Speaker
Description
In this talk, we present an efficient strategy to approximate the solutions of large-scale generalized Lyapunov equations (GLEs) while providing rigorous error guarantees. The motivation for this study stems from the use of GLEs in model order reduction (MOR) of switched linear systems (SLS) in control form. Specifically, we analyze how inaccuracies in the computed GLE solution influence the performance and reliability of the resulting MOR procedure.
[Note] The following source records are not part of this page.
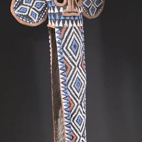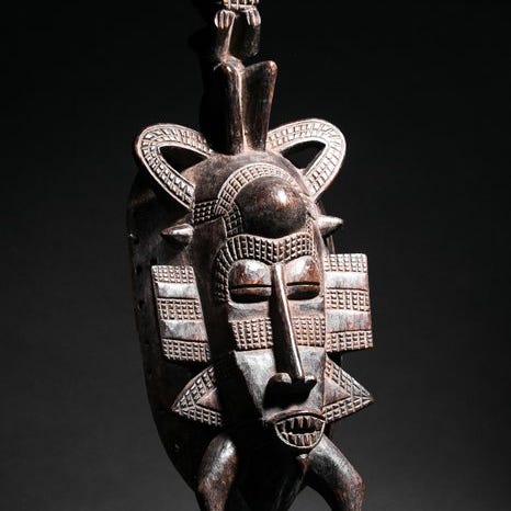 Marka-folket er en etnisk gruppe, der står meget tæt på Bambara, hvis kunst især kendes ved deres masker dækket af messingplader, som denne.
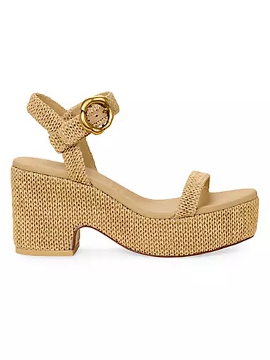 Сандалии на платформе Clara от Cult Gaia выполнены из плетеной рафии и украшены золотистой пряжкой в виде цветка на щиколотке.
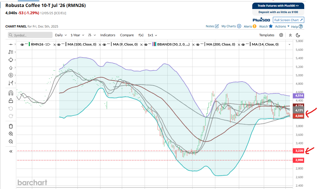 O produtor brasileiro continua vendendo muito pouco e segurando estoque aguardando melhores preços para o primeiro trimestre 2.026. Por outro lado, muitos analistas já estão preocupados pois em abril-26 (daqui a praticamente 4,50 meses) o Brasil já irá iniciar a colheita da próxima safra 26/27. O saldo ainda nas mãos do produtor poderá gerar uma “pressão de venda” pressionando os preços. Vale lembrar que agora na safra 25/26, por exemplo, os preços do café conilon despencaram dos 2.000 R$/saca para 950 R$/saca para depois recuperarem para os preços atuais. E os preços do café arábica caíram dos 2.800/2.900 R$/saca ate os 1.800 R$/saca e agora estão negociando no patamar dos 2.300 R$/saca.
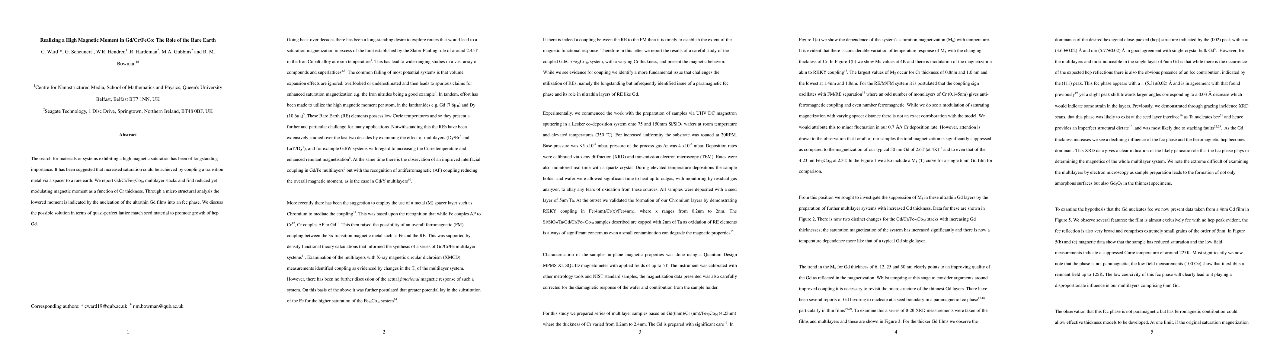 The search for materials or systems exhibiting a high magnetic saturation has been of longstanding importance. It has been suggested that increased saturation could be achieved by coupling a transition metal via a spacer to a rare earth. We report Gd/Cr/Fe70Co30 multilayer stacks and find reduced yet modulating magnetic moment as a function of Cr thickness. Through a micro structural analysis the lowered moment is indicated by the nucleation of the ultrathin Gd films into an fcc phase. We discuss the possible solution in terms of quasi-perfect lattice match seed material to promote growth of hcp Gd.
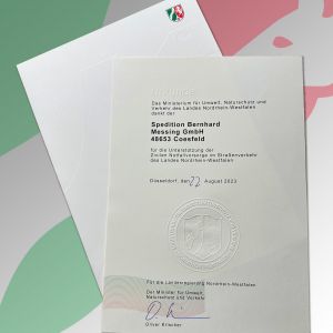 Das Ministerium für Umwelt, Naturschutz und Verkehr des Landes Nordrhein-Westfalen dankt der Spedition Bernhard Messing GmbH für die Unterstützung der Zivilen Notfallvorsorge im Straßenverkehr des Landes Nordrhein-Westfalen.
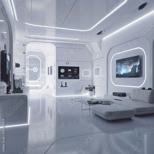 Minimalist concept interior design and user interface system inside futuristic living room area.
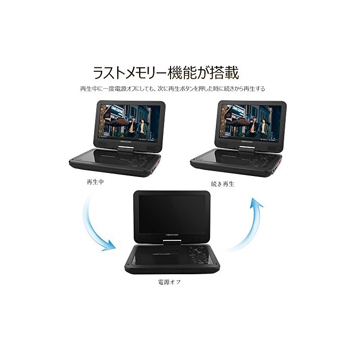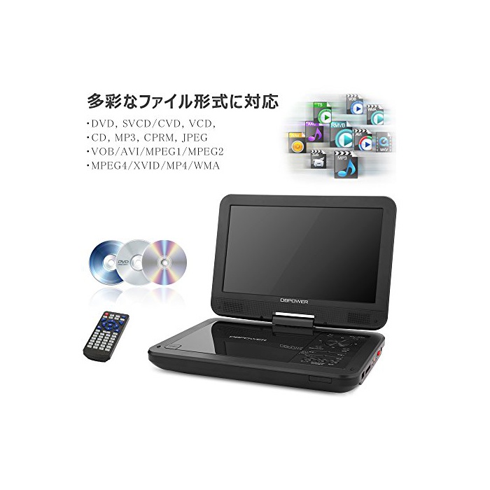 DBPOWER MK-101 포터블DVD플레이어 10인치 180°회전 가능 CPRM대응 리젼 프리 SD카드,USB메모리로도 대응 가능
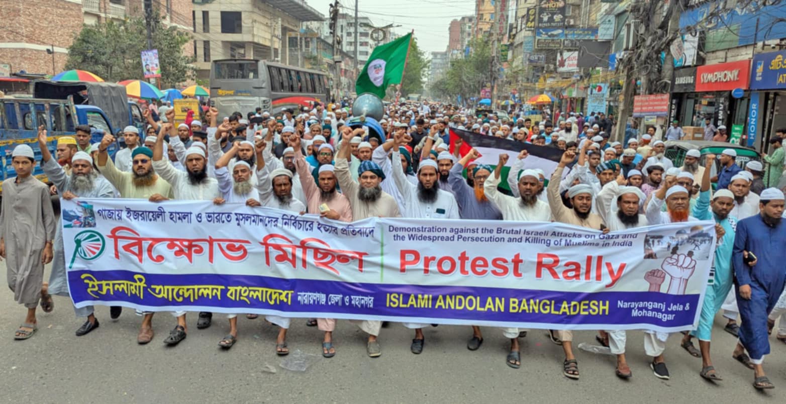 ইসলামী আন্দোলন বাংলাদেশ নারায়ণগঞ্জ জেলা মহানগর এর উদ্যোগে আজ শুক্রবার বাদ জুমআ ডিআইটি চত্বর থেকে গাজায় ইজরাইলী গণহত্যার বিরুদ্ধে বিক্ষোভ মিছিল অনুষ্ঠিত হয়।
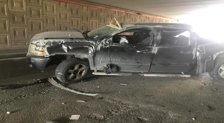 Hace unos momentos, ocurrió un aparatoso percance vial en el cual, dos vehículos estuvieron involucrados; Chevrolet Silverado volcó.
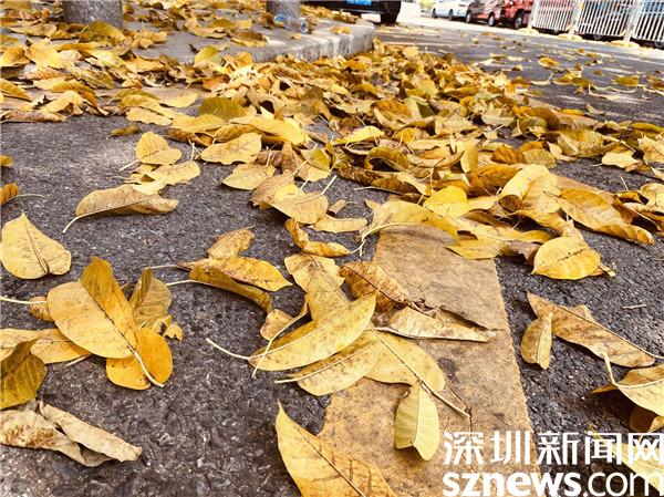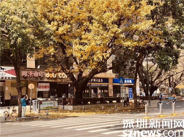 罗湖区美术馆门前,树叶正飘落,行人三三俩俩,颇有“半城春色半城秋”之感。

Furthermore, since the classical balanced-truncation error estimate for MOR of SLS is neither theoretically nor practically viable—because it relies on restrictive assumptions that require several linear matrix inequalities (LMI) to be satisfied by numerically computed solutions of the GLEs—we propose a new MOR framework for SLS. Our method is based on solving multiple GLEs and constructing projection matrices that are piecewise constant in time to appropriately balance and subsequently reduce the SLS; we therefore refer to it as piecewise balancing reduction (PBR) for SLS. We extend the standard balance-truncation error bounds to incorporate the effects of inexact LMI. We show how the PBR formulation allows us to control the error arising from the inexact LMI. In addition, our new error bound accounts for the influence of the piecewise constant time-varying projection matrices. Altogether, this renders the PBR approach for SLS applicable to a broad and flexible class of SLS. We conclude by showing numerical experiments to corroborate our theoretical results.